Back in the golden age of crossing the Atlantic in the 1930’s it was a vast competition between the various Northern European countries to see who could out do each other on the North Atlantic Run. The French had the joie de vie and luxury of the Ile de France and the Normandie. The British had the reliability and sedateness of the Queen Mary. The Germans had the racing thoroughbreds, Bremen and Europa, The Italians had the dolce vita of the Rex and Dutch had the Nieuw Amsterdam, dubbed the ship of tomorrow.

Crossing the North Atlantic was a way of life for many; however the South Atlantic voyage from Marseilles to Buenos Aires had its own star. L’Atlantique! A forerunner to the fabled Normandie in concept, this liner had all the savoir faire of other French line ships, however has largely been forgotten due to an early demise. In my humbled opinion, I think she was decorated even better than the Normandie!

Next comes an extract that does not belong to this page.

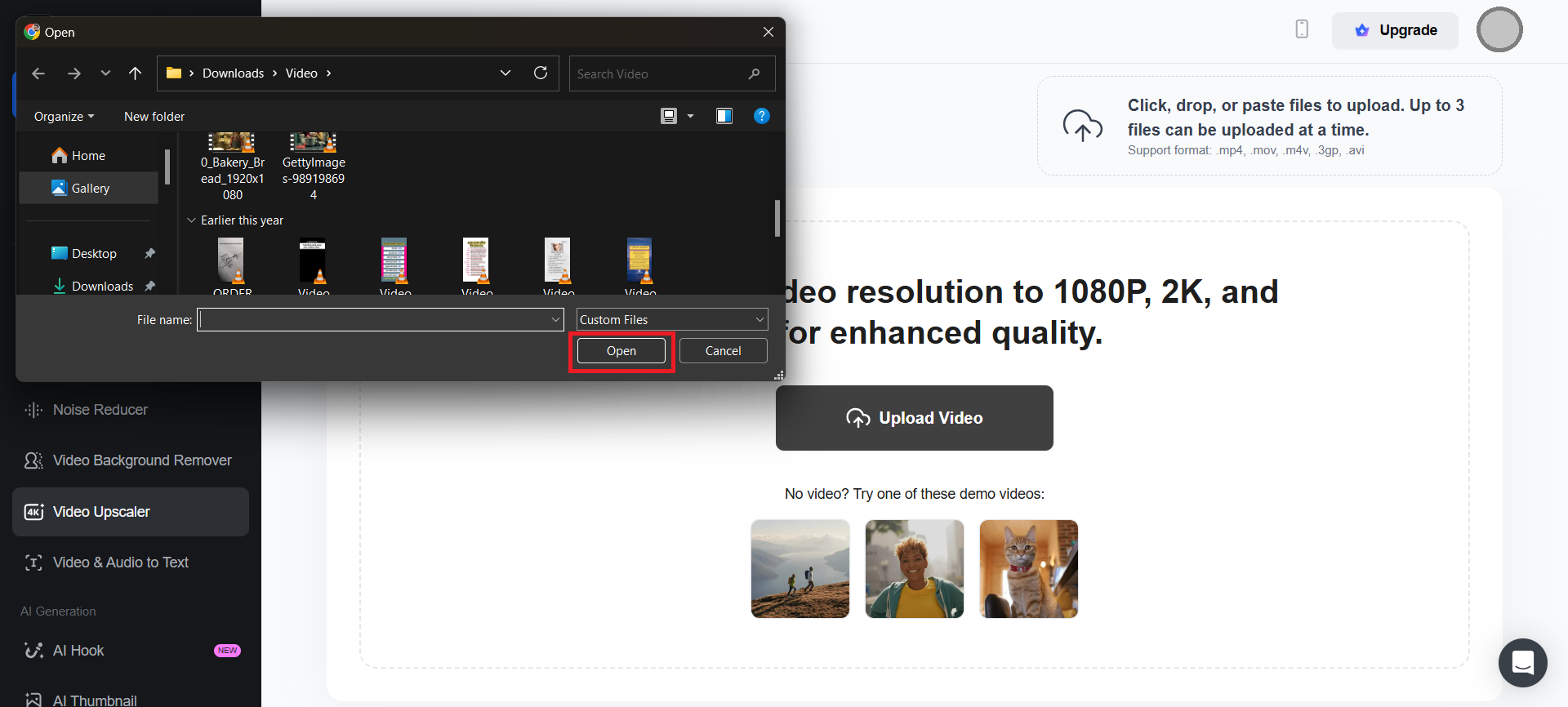 - File size limit: 200MB per video, with a maximum of 3 files at once.

Although not an attractive ship from the outside, this gave no indication as to stunning interiors that greeted the passenger once inside. Her interior spaces were not intimate by any means. They were large, grand, luxurious spaces that indicated that you were travelling first class all the way.

These interiors were the culmination of Art Deco, refining the “ocean liner” style that was introduced on the “Ile de France” several years earlier for the North Atlantic. Modern wood panelling, marble and lacquered panels abounded.

On embarkation passengers were received in a fabulous lobby with stores (not like today’s tack duty free and souvenir stores) with purveyors offering the latest from a new Renault to perfume and flowers.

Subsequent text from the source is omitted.